Given that there seem to be so few growth sectors in our incredibly dismal economy, I suppose we should be delighted by the “potential bonanza” that well-heeled, but – regrettably, mortal – baby boomers may provide when it comes to staying “forever young.”
The market research firm Global Industry Analysts projects that a boomer-fueled consumer base, "seeking to keep the dreaded signs of aging at bay," will push the U.S. market for anti-aging products from about $80 billion now to more than $114 billion by 2015. (Source: Huffington Post.)

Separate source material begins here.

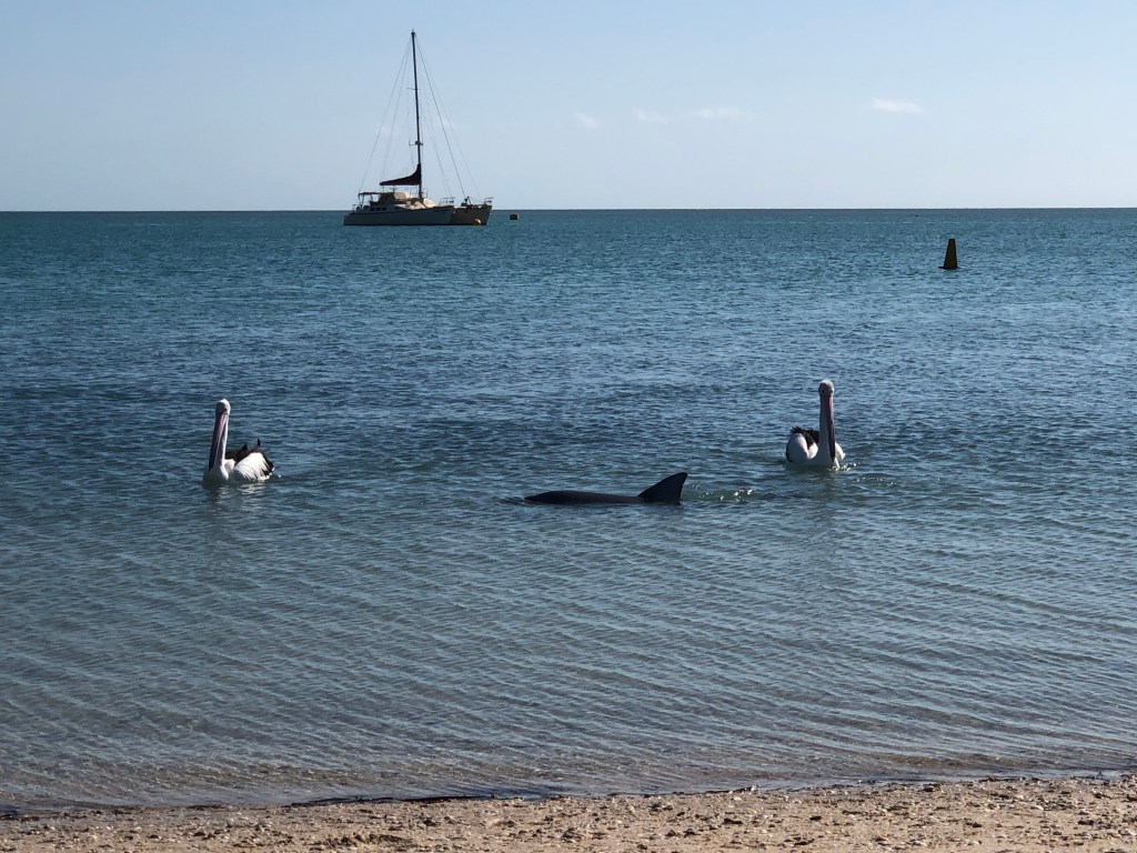 Acordamos cedinho e fomos direto para Monkey Mia. Nessa praia os golfinhos ficam bem no rasinho e tem a Dolphin Experience ($15 por pessoa). As pessoas responsáveis contam mais sobre a preservação e sobre os golfinhos em geral e escolhem umas 2-3 pessoas no meio da multidão (tinha bem mais de 100 pessoas quando fui) para alimentar o golfinho se ele quiser lógico.

I’m not going to sit here and tell you that I’m looking forward to looking in the mirror and seeing an old crone. Or deny that I have absolutely no idea what color my real hair is, other than that it has plenty o’ grey in it. Sometimes I tell myself that if I were going to go “stunning” grey, I’d do so. But I have no illusions there. There’s no doubt that, left to its own devices, my hair would go tweed mouse. Not quite ready for that yet.
So for all I know, my hair coloring may be part of that anti-aging $80 billion being spent by boomers.
But we’re mostly talking more “corrective” or “assistive” drug therapy or surgery. And anti-aging miracle de-wrinkling cures.
The categories – sectors of this new, booming industry - described in the article are:
Hormone Replacement Therapy
Numerous companies and clinics promote hormone replacement drugs, including testosterone for men and custom-mixed "bioidentical" hormones for women, as a way to slow the aging process.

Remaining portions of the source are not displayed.